Work order ▸ Repeat the entries below exactly as they appear, with no pictures.

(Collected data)

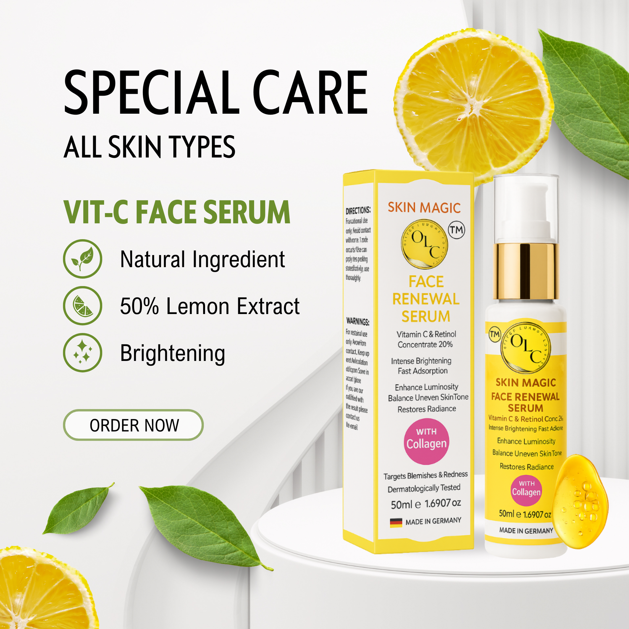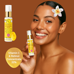 Introducing our Skin Magic Face Renewal Serum, a powerhouse formulation that combines intense brightening and collagen-boosting properties for a radiant complexion. This luxurious serum is enriched with 20% Vitamin C and Retinol, delivering fast absorption to provide exceptional results. Each carefully selected ingredient works in harmony to fade dark spots, improve skin texture, and promote a youthful glow.
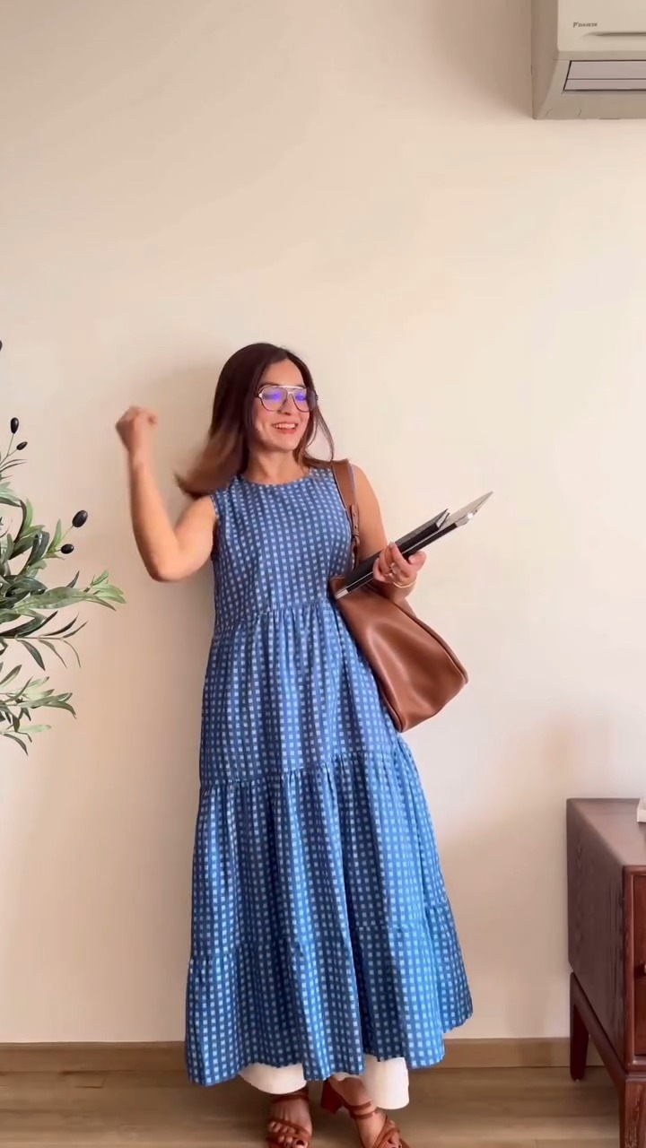 This outfit features a charming blue midi dress designed with subtle check patterns, offering a perfect blend of simplicity and elegance. The sleeveless design and round neckline provide a clean, modern look, while the tiered structure adds volume and graceful movement to the silhouette. Crafted from a lightweight and breathable fabric, this dress ensures all-day comfort, making it ideal for casual outings, work environments, or relaxed day events. The soft gathered waist enhances the fit without compromising on ease, creating a flattering yet effortless style. Paired with minimal accessories and neutral footwear, this piece stands out as a versatile wardrobe staple that transitions seamlessly from day to evening wear. Its understated pattern and soothing color palette make it suitable for those who appreciate refined, minimal fashion. This description is based purely on visual interpretation and does not reference or reproduce any specific brand, trademark.
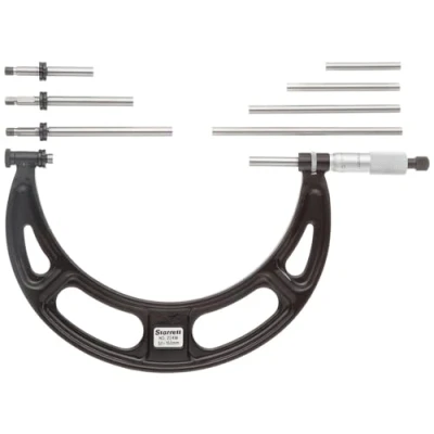 Includes interchangeable anvils for a diverse measuring range Nonier scale in metric units for precise measurements of outer diameter (OD) Ratcheting stop mechanism ensures consistent pressure for precise, repeatable measurements Satin chrome finish on thimble and sleeve helps resist rust and reduce glare Micro-lapped steel measuring surfaces ensure accuracy
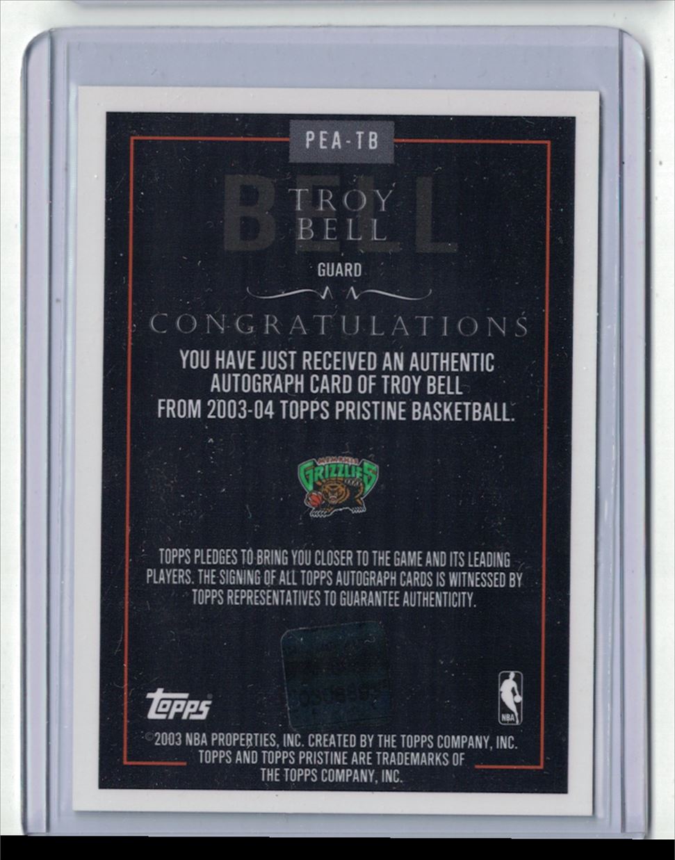 | Description: | Troy Bell | | Category: | Basketball | | Year: | 2003 | | Product: | Topps Pristine | | Team: | Memphis Grizzlies | | Memorabilia: | Autograph | | Special: | | | Dimensions: | 4" x 3" |
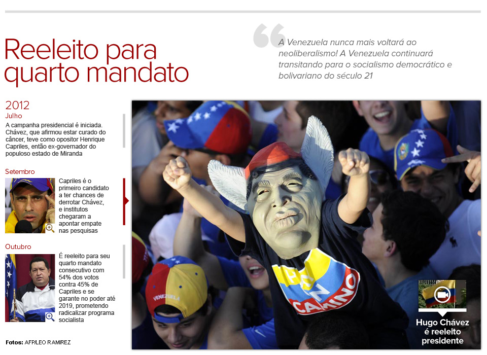 Em 7 de outubro, Chávez derrotou Henrique Capriles Radonski, mesmo com uma campanha limitada, e garantiu novo mandato, o quarto consecutivo, até 2019, prometendo “radicalizar” o programa socialista que vinha implantando no país.
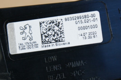 PEUGEOT 308 2021 КОМПЛЕКТ ЛАМП ПРАВЫЙ ЛЕВЫЙ ЗАДНИЙ
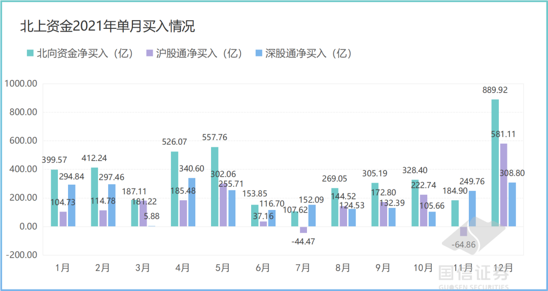 按月来看,2021年以来北上资金保持了对A股的单月连续净买入,其中,2021年12月北上资金净买入890亿元,创北上资金单月净买入历史新高。
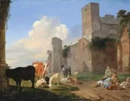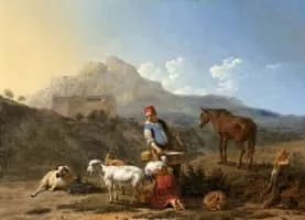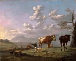 Karel Dujardin was a Dutch Golden Age painter. Although he did a few portraits and a few history paintings of religious subjects, most of his work is small Italianate landscape scenes with animals and peasants, and other genre scenes.
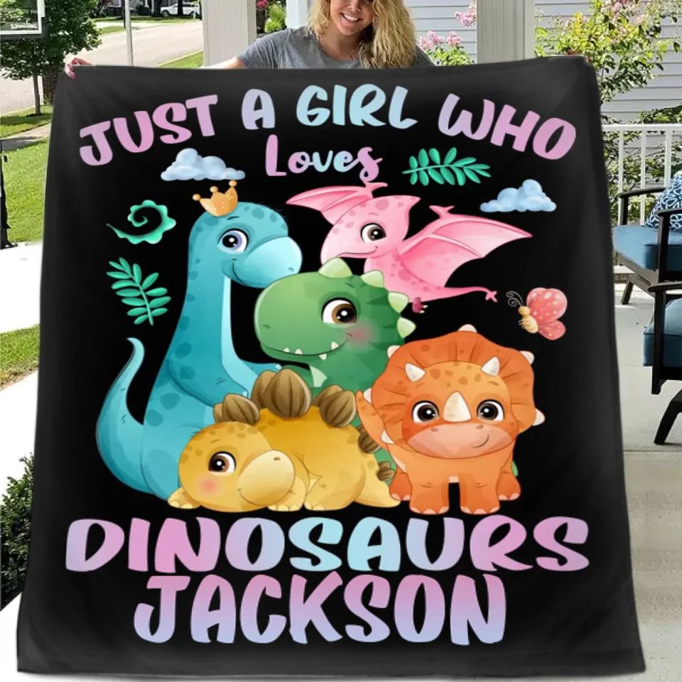 Available Product: Dinosaurs - Personalised Name Dinosaur Blanket - Gifts for Girls,Dinosaur lovers

Exercise output ▸
 Introducing our Skin Magic Face Renewal Serum, a powerhouse formulation that combines intense brightening and collagen-boosting properties for a radiant complexion. This luxurious serum is enriched with 20% Vitamin C and Retinol, delivering fast absorption to provide exceptional results. Each carefully selected ingredient works in harmony to fade dark spots, improve skin texture, and promote a youthful glow.
 This outfit features a charming blue midi dress designed with subtle check patterns, offering a perfect blend of simplicity and elegance. The sleeveless design and round neckline provide a clean, modern look, while the tiered structure adds volume and graceful movement to the silhouette. Crafted from a lightweight and breathable fabric, this dress ensures all-day comfort, making it ideal for casual outings, work environments, or relaxed day events. The soft gathered waist enhances the fit without compromising on ease, creating a flattering yet effortless style. Paired with minimal accessories and neutral footwear, this piece stands out as a versatile wardrobe staple that transitions seamlessly from day to evening wear. Its understated pattern and soothing color palette make it suitable for those who appreciate refined, minimal fashion. This description is based purely on visual interpretation and does not reference or reproduce any specific brand, trademark.
 Includes interchangeable anvils for a diverse measuring range Nonier scale in metric units for precise measurements of outer diameter (OD) Ratcheting stop mechanism ensures consistent pressure for precise, repeatable measurements Satin chrome finish on thimble and sleeve helps resist rust and reduce glare Micro-lapped steel measuring surfaces ensure accuracy
 | Description: | Troy Bell | | Category: | Basketball | | Year: | 2003 | | Product: | Topps Pristine | | Team: | Memphis Grizzlies | | Memorabilia: | Autograph | | Special: | | | Dimensions: | 4" x 3" |
 Em 7 de outubro, Chávez derrotou Henrique Capriles Radonski, mesmo com uma campanha limitada, e garantiu novo mandato, o quarto consecutivo, até 2019, prometendo “radicalizar” o programa socialista que vinha implantando no país.
 PEUGEOT 308 2021 КОМПЛЕКТ ЛАМП ПРАВЫЙ ЛЕВЫЙ ЗАДНИЙ
 按月来看,2021年以来北上资金保持了对A股的单月连续净买入,其中,2021年12月北上资金净买入890亿元,创北上资金单月净买入历史新高。
 Karel Dujardin was a Dutch Golden Age painter. Although he did a few portraits and a few history paintings of religious subjects, most of his work is small Italianate landscape scenes with animals and peasants, and other genre scenes.
 Available Product: Dinosaurs - Personalised Name Dinosaur Blanket - Gifts for Girls,Dinosaur lovers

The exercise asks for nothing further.